This _only applies to handguns_, and even then *no course is required*. There is no certificate required for rifles and shotguns.}

In response, dgardner cited the following text without explanation:



> This is a quote from the Attorney Generals office for the state of California
> 
> http://ag.ca.gov/firearms/pubfaqs.php
> 
> All firearms purchases and transfers, including private party transactions and sales at gun shows, must be made through a licensed dealer under the Dealer Record of Sale (DROS) process. California imposes a 10-day waiting period before a firearm can be released to a buyer or transferee. _A person must be at least 18 years of age to purchase a rifle or shotgun._ To buy a _handgun_, _a person must_ be at least 21 years of age, and either 1) _possess an HSC_ {a Handgun Safety Certificate} plus successfully complete a _safety demonstration_ with the handgun being purchased or 2) qualify for an HSC exemption.{emphais mine}


Note that the only requirement *to purchase a rifle or shotgun *is to be 18 years of age. Note that *no course is required.* *To purchase a hand gun*, you must pass the written 30 question written test to acquire an HSC and pass a safety demonstration with the handgun being purchased. *No course is required.* 

I hope this clears up your concerns and I hope you will tell me if, upon reading and reviewing the material I have provided, you still consider this an example of "slamming" dgardner? I also hope that you will not consider this review of the facts as best as I can provide them not to be a case of "slamming" you.

I do hope you will take the time to respond to me as I have to you.

Thanks,
Warbow.


----------



## Hutnicks (Feb 9, 2006)

CM JOAD said:


> Warbow, I haven't heard this term before. Is it Karl "Rovian"?


Indeed. However in this particular case it also serves as proof for ARCs 1st law


----------



## Warbow (Apr 18, 2006)

OT:


Hutnicks said:


> Indeed. However in this particular case it also serves as proof for ARCs 1st law


Nope! ARC's 1st law only applies to "progressive" threads. _This_ thread is most certainly not progressive 

BTW, in this case "Rovian" is only in reference to a kind of tactical and rhetorical methodology popularized, and perhaps perfected, by the person so named.


----------



## Hutnicks (Feb 9, 2006)

Warbow said:


> OT:
> 
> 
> Nope! ARC's 1st law only applies to "progressive" threads. _This_ thread is most certainly not progressive
> ...


You may wish to have a look into Mosley and his entry into British politics in the prewar era. Whats old is new and somethings never change


----------



## Warbow (Apr 18, 2006)

Hutnicks said:


> You may wish to have a look into Mosley and his entry into British politics in the prewar era. Whats old is new and somethings never change


Alright, _Moslian_ tactics...


----------



## tedzpony (May 15, 2007)

Everyone on here has actually been very civil, but anyone who is going to stick their opinion out there needs to also be willing to have it criticized.
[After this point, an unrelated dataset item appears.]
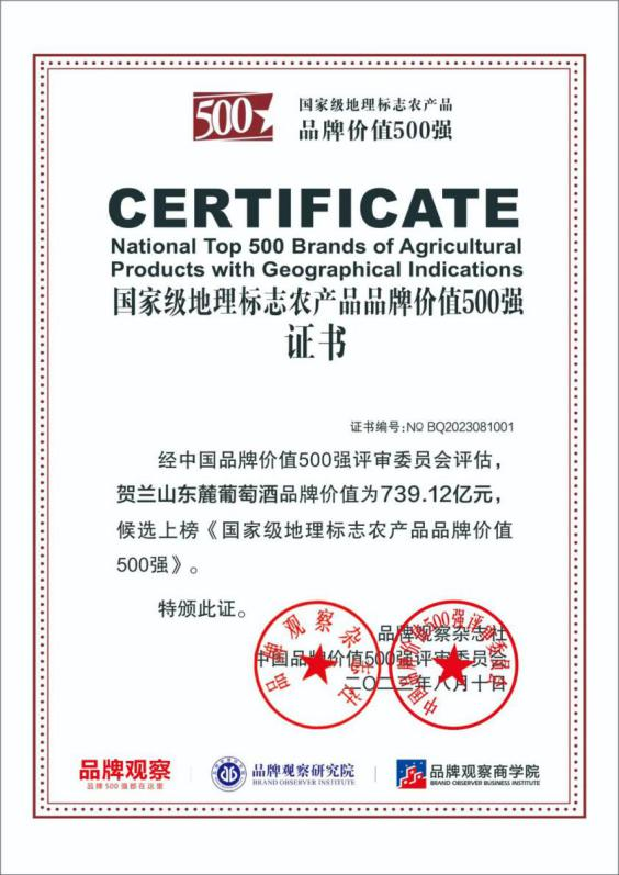 为实现对国家地理标志农产品的整体品牌升级,以此带动乡村振兴和共同富裕,《品牌观察》杂志社于2022年5月首创中国地标节,作为国内首家专注研究、推动国家地理标志农产品IP品牌化的第三方平台,专注挖掘开发中外地标产品有显著成效的农业龙头企业,宣传和推广他们的经验。2023年8月10日,中国地标节组委会、《品牌观察》杂志社联合发布《国家地理标志葡萄品牌价值排行榜》,全国26个省份共计73种葡萄(酒)上榜,品牌价值总额达5704.64亿元,其中:贺兰山东麓葡萄酒品牌价值739.12亿元位列榜首、烟台葡萄酒品牌价值655.92亿元排名第二位、吐鲁番葡萄品牌价值413.26亿元排名第三位。

If you are not, then don't post in the first place. But there is no way to have open discussion about a very important topic (safety or anything else) if everyone is going to be offended over the simplest disagreement.

Disagreement is not bashing, it's not slamming, it's not unsportsmanlike, mean, rude or anything else. Hey, I don't like being told I'm wrong, either, but sometimes it happens, and sometimes it's true.

All of western society, back to the Greeks, is based on the principle of reasoned debate, and sometimes even heated debate. That's how things get done and how problems get solved - by reasoned debate about important issues without the bias of personal feelings.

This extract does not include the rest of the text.